Serve this stir fry immediately, straight from the pan while the noodles are glossy and the shrimp are still tender. A few extra sesame seeds, sliced green onions, and a wedge of lemon on the side go a long way.

For leftovers, store in an airtight container in the fridge for up to 3 days. Reheat in a hot skillet with a splash of water rather than the microwave to keep the shrimp from getting tough. This also reheats beautifully for next-day lunches, which makes it a great candidate for weekly meal prep.

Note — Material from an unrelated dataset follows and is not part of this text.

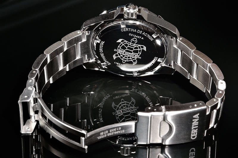 Часы Certina – это воплощение высочайшей точности и надежности часов, система DS расшифровывается Double Security; "двойная надежность". Беспрекословная точность и надежность, использование сложных технологий, инновационный подход в сочетании с традициями создания хронографов, которые марка пронесла через десятилетия, – все это позволяет компании предоставлять элитные, роскошные и стильные часы. На обратной стороне нанесено изображение черепахи в знак долговечности. Задняя крышка с повышенной прочностью, два кольца с уплотнением на заводной головке.

Whether you are looking for Asian recipes with shrimp to add to your rotation, a satisfying pan dinner recipe for a busy night, or just one of those reliable healthy cheap dinner ideas that the whole family will actually eat, this shrimp stir fry with noodles delivers every single time.

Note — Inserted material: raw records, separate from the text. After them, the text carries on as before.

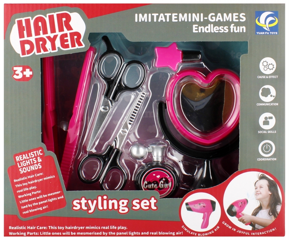Zalety produktu: rozwija kreatywność dziecka, pozwoli dziecku wczuć się w rolę prawdziwego fryzjera. Zestaw fryzjerski do tworzenia stylizacji fryzjerskich . Zawartość zestawu: prostownica do włosów, 2x nożyczki, lusterko, 1x lakier do paznokci, 1x buteleczka z rozpylaczem na lakier do włosów....
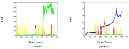 Figure 5a shows that, without both motion and blur, APCE and are high; therefore, the learning rate of tracking should be fast. However, when motion blur occurs, both APCE and give low values, as shown in Figure 5b. Thus, in that case, the model should be updated slowly due to the appearance change of the target. By using this mechanism, the proposed tracking achieved significant results for the motion blur challenge. The tracker is given in Algorithm 1.
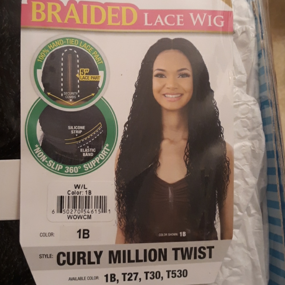 Long lace wig color 1b brand new. Beautiful curly million twist wig.

Frequently Asked Questions

You can prep all the components ahead. Chop the vegetables, mix the sauce, and cook the noodles up to 24 hours in advance. Store each separately in the fridge. When ready to eat, the actual stir-frying only takes about 10 minutes, so it stays fresh and the shrimp does not overcook.
Hoisin sauce is the closest swap and works beautifully here. Use the same amount. For a fully gluten-free version, look for gluten-free hoisin or simply add an extra teaspoon of soy sauce plus a pinch of five-spice powder to deepen the flavor.
Leftovers last up to 3 days in an airtight container in the refrigerator. The best way to reheat is in a hot skillet over medium-high heat with 2 tablespoons of water or broth. Toss constantly for 2 to 3 minutes until everything is heated through. This revives the texture much better than a microwave.
Absolutely. Thinly sliced chicken breast or flank steak both work well. Cook chicken for 3 to 4 minutes per side, or steak strips for about 2 minutes total, before setting aside and continuing with the recipe. Tofu is a great vegetarian option too. Press it well, cube it, and pan-fry until golden before adding it back in.